§ Supplied material:

───

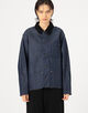 メンズサイズのカバーオールを大胆にカットオフしたような、構築的なオーバーサイズシルエットのカバーオールジャケット。
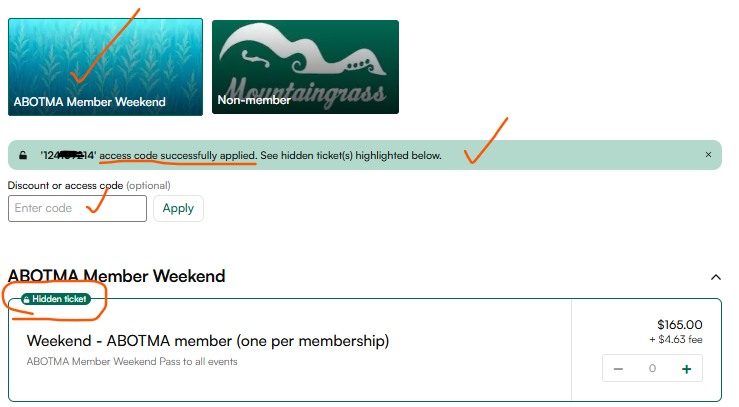 Weekend Tickets: Enter the Member Number from the membership card into the access code field in Humanitix to see and purchase ABOTMA Member weekend tickets.
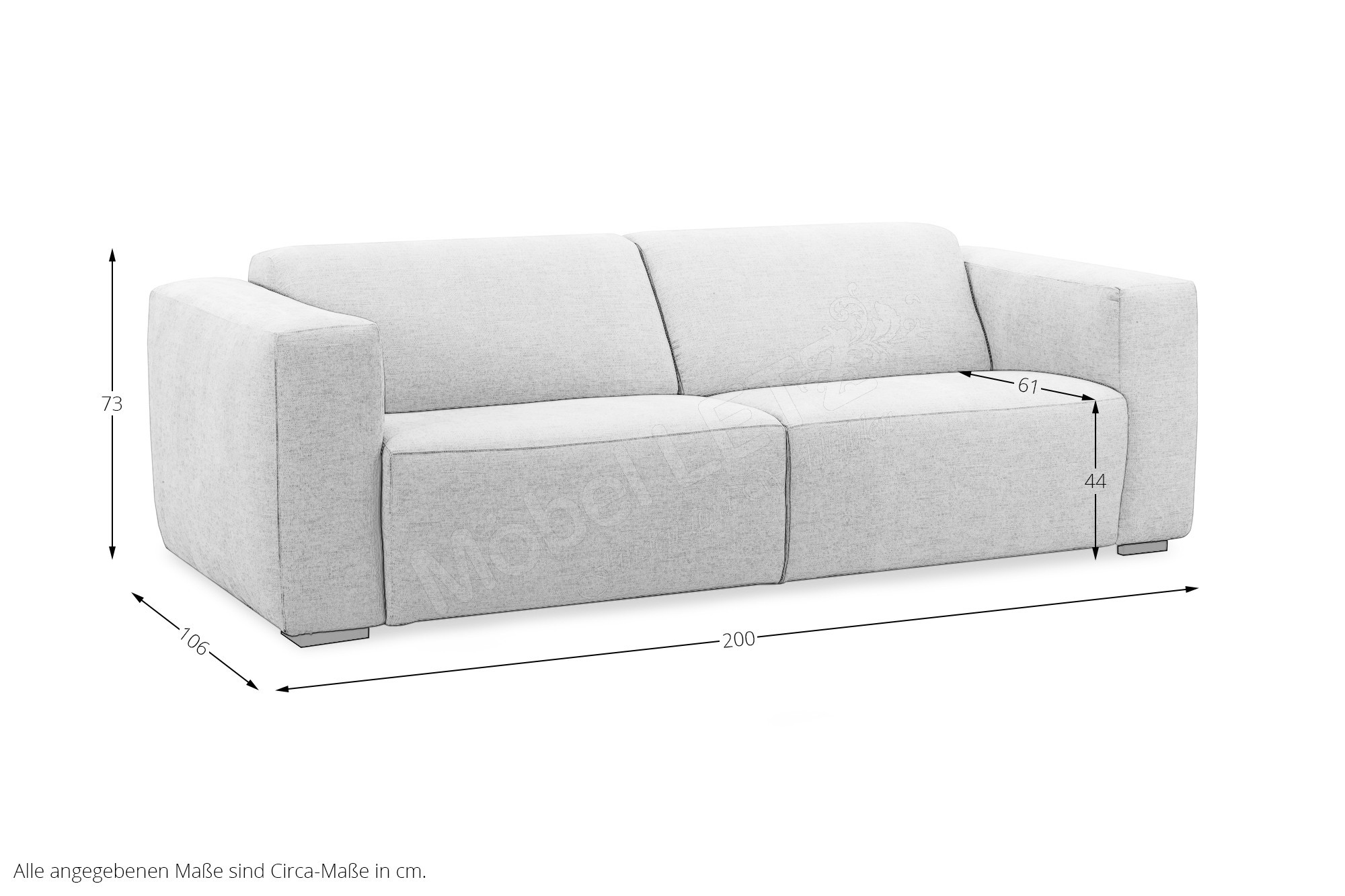 Wunderschöne Leichtigkeit gepaart mit stilvollen Materialien: Der Hersteller Vilmers hat mit dem Modell Gardenia eine elegante Ruheinsel kreiert, die Ihnen das Gefühl vermittelt, angekommen zu sein. Das Sofa wird schnell zum gemütlichen Paradies in Ihren vier Wänden, wo Sie vollends entspannen und den Alltag hinter sich lassen können. Das Bezugskleid aus einem beigen Chenille-Flachgewebe trägt maßgeblich zum modernen Design der Garnitur bei und sorgt, in Verbindung mit einem hochwertigen HR-Weichschaum im Inneren, für einen fabelhaften Sitzkomfort, den Sie ab dem ersten Platznehmen nicht mehr missen werden wollen. Die flachen Holzfüße in Schwarz, auf denen das Sofa sicher steht, komplettieren das Gesamtbild und verleihen Ihrem Wohnraum eine zeitgemäße Eleganz. Auf einer Breite von etwa 200 cm sowie einer Sitztiefe von ca. 61 cm können Sie hier behaglich im Sitzen beim Genießen einer Tasse Kaffee oder im Liegen beim Fernsehen relaxen. Sollte der helle Farbton nicht ganz Ihren Vorstellungen entsprechen, können Sie sich unter dem Punkt "Wunschbezug - Farbe ändern" für eine andere Stoffqualität oder Farbnuance entscheiden, damit sich Ihre neue Sitzgelegenheit harmonisch in Ihr vorhandenes Interieur einfügt. Gardenia aus dem Hause Vilmers - ein hinreißender Rückzugsort im skandinavischen Einrichtungsstil.
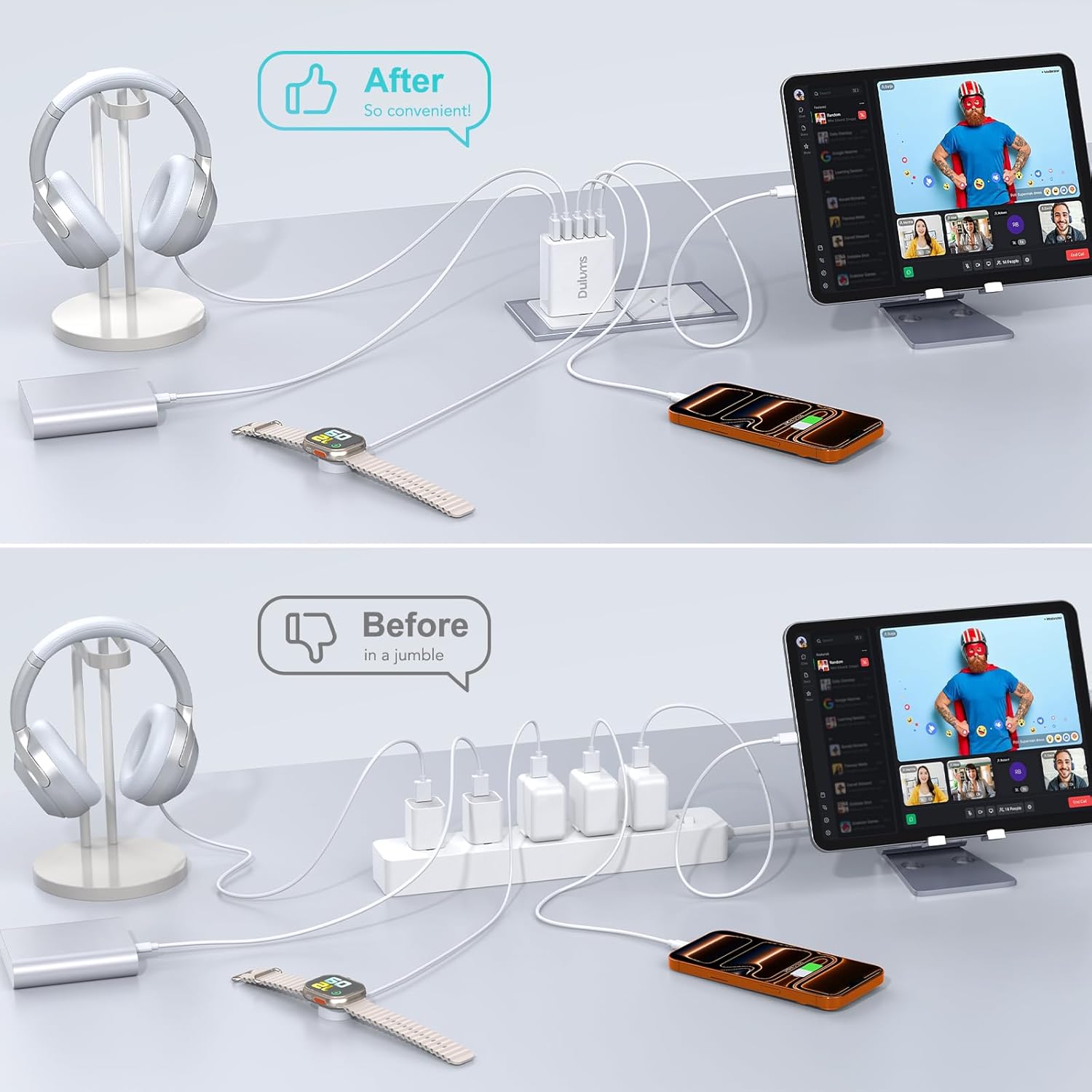 Safe and Reliable USB Plug:The 50 W USB fast charger station has a built-in smart chip with GaN technology that automatically matches the current required by your device, preventing it from short-circuiting, over-current, over-voltage, overheating and over-charging. Meanwhile, the USB charger block is made of ABS + PC fire-resistant material, ensuring that your digital devices are always safely charged 24 hours a day

───

§ Exercise requirements: Repeat the material above verbatim. Leave the pictures behind.

§ Answer to the exercise:
 メンズサイズのカバーオールを大胆にカットオフしたような、構築的なオーバーサイズシルエットのカバーオールジャケット。
 Weekend Tickets: Enter the Member Number from the membership card into the access code field in Humanitix to see and purchase ABOTMA Member weekend tickets.
 Wunderschöne Leichtigkeit gepaart mit stilvollen Materialien: Der Hersteller Vilmers hat mit dem Modell Gardenia eine elegante Ruheinsel kreiert, die Ihnen das Gefühl vermittelt, angekommen zu sein. Das Sofa wird schnell zum gemütlichen Paradies in Ihren vier Wänden, wo Sie vollends entspannen und den Alltag hinter sich lassen können. Das Bezugskleid aus einem beigen Chenille-Flachgewebe trägt maßgeblich zum modernen Design der Garnitur bei und sorgt, in Verbindung mit einem hochwertigen HR-Weichschaum im Inneren, für einen fabelhaften Sitzkomfort, den Sie ab dem ersten Platznehmen nicht mehr missen werden wollen. Die flachen Holzfüße in Schwarz, auf denen das Sofa sicher steht, komplettieren das Gesamtbild und verleihen Ihrem Wohnraum eine zeitgemäße Eleganz. Auf einer Breite von etwa 200 cm sowie einer Sitztiefe von ca. 61 cm können Sie hier behaglich im Sitzen beim Genießen einer Tasse Kaffee oder im Liegen beim Fernsehen relaxen. Sollte der helle Farbton nicht ganz Ihren Vorstellungen entsprechen, können Sie sich unter dem Punkt "Wunschbezug - Farbe ändern" für eine andere Stoffqualität oder Farbnuance entscheiden, damit sich Ihre neue Sitzgelegenheit harmonisch in Ihr vorhandenes Interieur einfügt. Gardenia aus dem Hause Vilmers - ein hinreißender Rückzugsort im skandinavischen Einrichtungsstil.
 Safe and Reliable USB Plug:The 50 W USB fast charger station has a built-in smart chip with GaN technology that automatically matches the current required by your device, preventing it from short-circuiting, over-current, over-voltage, overheating and over-charging. Meanwhile, the USB charger block is made of ABS + PC fire-resistant material, ensuring that your digital devices are always safely charged 24 hours a day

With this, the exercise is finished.